The best-performing model on the validation dataset was evaluated on the test dataset. Two radiology residents (Readers 1 and 2 with 3 and 2 years of diagnostic imaging experience, respectively) and an intern (Reader 3 with 2 years of medical experience) manually sorted the reports in the test dataset into five groups, and their performance was compared with that of the model. Readers 1, 2, and 3 were blinded to the patient background information and performed the classification independently. Before this evaluation, a radiologist with 14 years of imaging experience randomized all the test datasets.
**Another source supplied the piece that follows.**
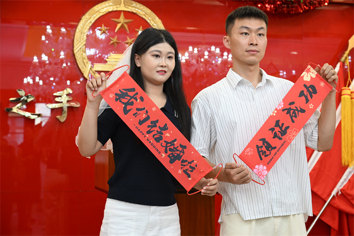 “七夕是中國傳統(tǒng)的情人節(jié),也是一個(gè)神圣的結(jié)婚紀(jì)念日。在這個(gè)浪漫幸福的日子里,我們工作人員提供更便捷的服務(wù)。同時(shí)我們開展移風(fēng)易俗宣傳工作,我們真誠希望廣大新人樹立文明、節(jié)儉、高尚的婚俗意識(shí),不大操大辦、抵制高額彩禮、爭做文明婚俗的倡導(dǎo)者、踐行者、推動(dòng)者、做新時(shí)代文明新人,建立和諧家庭。”即墨區(qū)民政局婚姻登記處主任張葵葵表示,為了迎接七夕登記小高峰,即墨區(qū)婚姻登記處提前做好應(yīng)急預(yù)案,工作人員提前到崗、延長工作時(shí)間、增設(shè)登記服務(wù)窗口,保證登記工作高效、流程通暢。

The results and the time required to complete the classification were recorded.

Statistical analyses were performed using R (version 4.4.2) (https://www.r-project.org/). McNemar analysis was performed to compare the sensitivity and accuracy of the fine-tuned LLM with those of the readers. Sensitivity for a given class was defined as the proportion of true positive cases correctly identified among all actual cases of that class. Receiver operating characteristic (ROC) curve analysis was performed to evaluate the performance of the fine-tuned LLM in differentiating groups 0–1 from groups 2–4, groups 0–2 from groups 3–4, and groups 0–3 from group 4 by calculating the area under the ROC curve (AUC). Kruskal–Wallis tests followed by post hoc Dunn’s test were performed to compare classification times between the LLM and each of readers 1, 2, and 3. Because multiple comparisons were performed for the AUC, sensitivities, and classification time, Bonferroni correction was applied, and statistical significance was set at a p-value of < 0.017 (= 0.050 / 3).